===== PROVIDED DATA

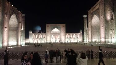 Registan heisst wörtlich übersetzt Sandplatz - das ausgetrocknete Flussbett, auf dem erst ein Basar und Karawansereien standen, und auf dem später Medesen und Moscheen gebaut wurden. Unser Reiseleiter Dilram nennt den Registan „die Visitenkarte Zentralasiens“. Tief beeindruckt von der Schönheit des Ensembles glauben wir ihm. Und ganz Samarkand macht auf uns einen grossen Eindruck.
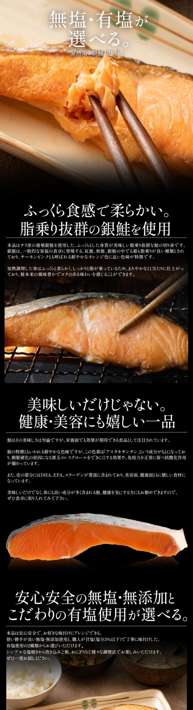 養殖銀鮭(チリ産)、食塩/酸化防止剤(ビタミンC,チャ抽出物)、pH調整剤
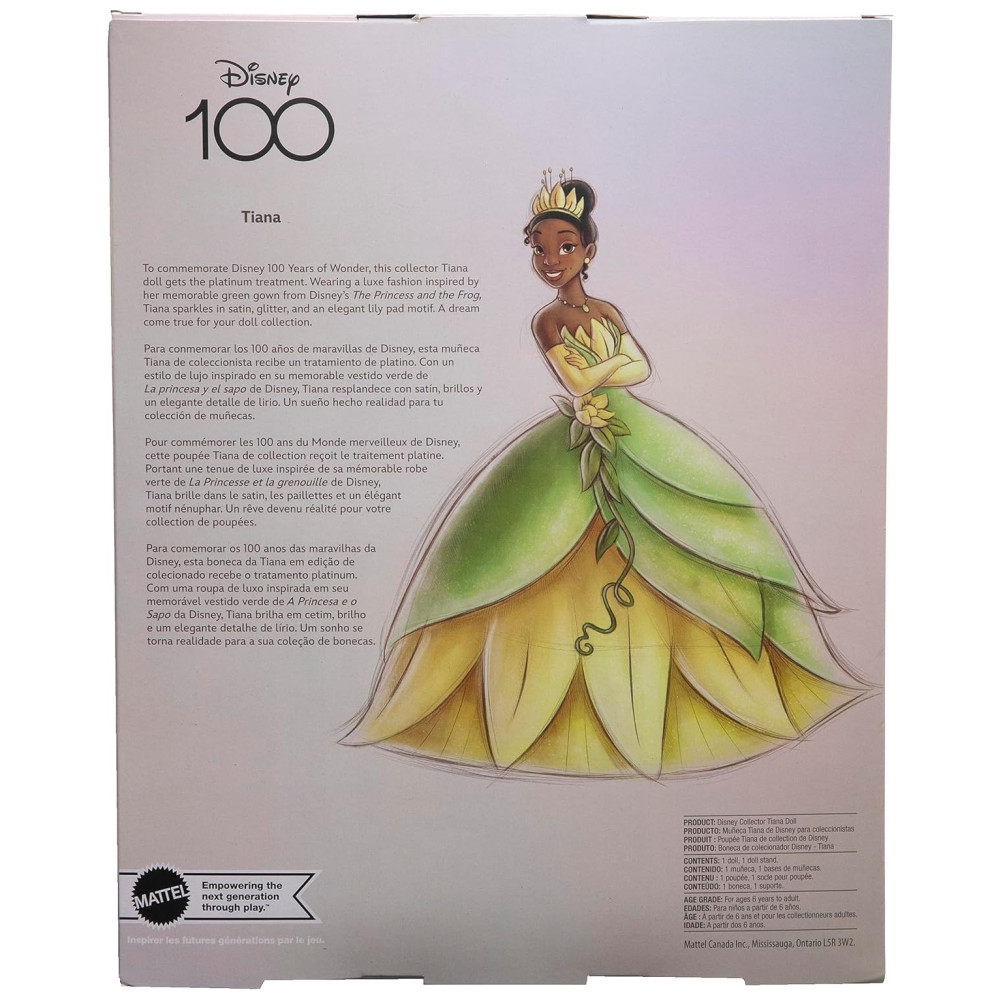 Boneca Colecionável Tiana para Comemorar os 100 Anos de Maravilhas da Disney Mattel

==========

Begin at the line containing "養殖銀鮭(チリ産)、食塩/酸化防止剤(ビタミンC,チャ抽出物)、pH調整剤" and copy every line through the end of the data above exactly, omitting the pictures.

 養殖銀鮭(チリ産)、食塩/酸化防止剤(ビタミンC,チャ抽出物)、pH調整剤
 Boneca Colecionável Tiana para Comemorar os 100 Anos de Maravilhas da Disney Mattel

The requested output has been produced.